All too often, we get swept up in conversation surrounding how a traditional housewife relates to her husband that we forget to take a moment to consider how she relates to her lifestyle, her home, and her approach to living. The remit of being a traditional housewife extends beyond her marital status into every fibre of her being, and I’d like to share with you what that looks like.
It’s also important to remember that though there are a lot of housewives who are talking about traditional living, more and more singletons, divorcees, and younger generations are asking how they can learn to live a simpler, and more traditional life. After many emails and requests to cover this, I wanted to share with you a few tips on how I adjusted my formerly “thoroughly modern” lifestyle into something that makes me happier, has slowed down the pace, and helped me step into becoming the woman I truly wish to be.
Do bear in mind however, that living “traditionally” isn’t a one-size-fits-all prescription, and you aren’t failing at it unless you shun all technology and live like a Pioneer (though you can if you want). Living ‘more’ traditionally just means you are mindful of including a little of the old-ways of living so that you won’t hurtle a thousand miles an hour toward places you might not want to go. Think of it like the brakes on your car, the accelerator takes you to your destination, but using the brakes, and shifting down-gear from time to time slows the journey and makes it safer.
In a world that is constantly encouraging us to seek more - be it possessions, status, money, or followers - it really pays to take a step back from time to time and figure out if remaining in the fast lane trying to keep up with the Joneses, your colleagues, or your friendship group is really worth it, or indeed, making you happy.
To my dear readers who are fed up with the status quo of modern life, perhaps it’s time to learn how living simply and traditionally can help and improve not only the planet, but our personal relationships, our home life, and our mental health too.
How to create a simple, traditional, and vintage inspired life.
Step One: Turn off the TV.
I’ve always loved TV, as someone who used to act, and dreamed of being in the movies, television played a big part in my life. I was a sucker for British soap operas, American sitcoms, and cooking shows. Until one evening, having recently had our baby, I was trying to raise my voice above the background noise of the TV in order to speak to my husband - we had an epiphany moment right there that was utterly life changing.
We realised we had allowed a whole other family’s drama into our lives! I believe it was Coronation Street on in the background, Britain’s longest running, and much-adored soap opera - choc full of drama and tension, not to mention constant adultery, abuse, and murder.
Stepping out of the hypnotism for a few minutes, it suddenly dawned on us both that all these characters ever did was shout at each other, and we, as a couple were shouting at each other over the show in order to be heard in our own home.

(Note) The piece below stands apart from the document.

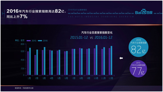 這一點在百度指數最新發布的《2016汽車成長報告》中可見一斑,汽車行業的搜索指數為82億,同比增長僅為2%;而對電動車,雖然搜索指數的絕對值僅為1.2億(其實較真實地反映了純電動車的市場占比情況),卻同比增長達到了27%。電動車市場確實在蠢蠢欲動。

What’s more, none of these characters, in all of the shows seemed happy. Not one!
Suffice to say, it has been almost eight years since we watched a soap opera. I can’t say I miss it, and the difference is astounding - no more drama, and so much time has been reclaimed to put towards positive activities and entertainment. I realise that some readers may be fans of particular shows, but the point is this…they are not always a good influence.

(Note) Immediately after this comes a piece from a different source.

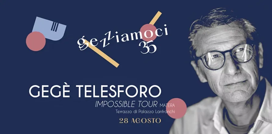 Domenica 28 agosto a Matera nel Museo Nazionale d’Arte Medievale e Moderna della Basilicata (Palazzo Lanfranchi) per Gezziamoci 35 appuntamento con Gegè Telesforo Impossible Tour: Gegè Telesforo, voce; Daniela Spalletta, voce & keys; Pietro Pancella, basso; Domenico Sanna, piano & keys e Michele Santoleri, batteria.

Traditionally minded people are careful not to allow ‘drama’, (real or scripted) enter their lives to subconsciously influence it. A good question to ask is this; by having these programmes on are your children taking social cues from these shows? Are you? Next time you watch your favourite show, truly question how it makes you feel. Many people eliminate negative and draining people from their lives, but sometimes our “entertainment” can be just as negative an influence.
Your eyes and your ears are the window to your soul. What you allow “in”, particularly in the form of media from TV shows, movies, books and music, will have an effect on how you feel about your own life. Horror movies can make you feel anxious, dramatic plots and aggressive story lines can influence how you feel about fellow man, and some books can cause dissatisfaction with your life, especially your love life (I’m looking at you Mr Grey).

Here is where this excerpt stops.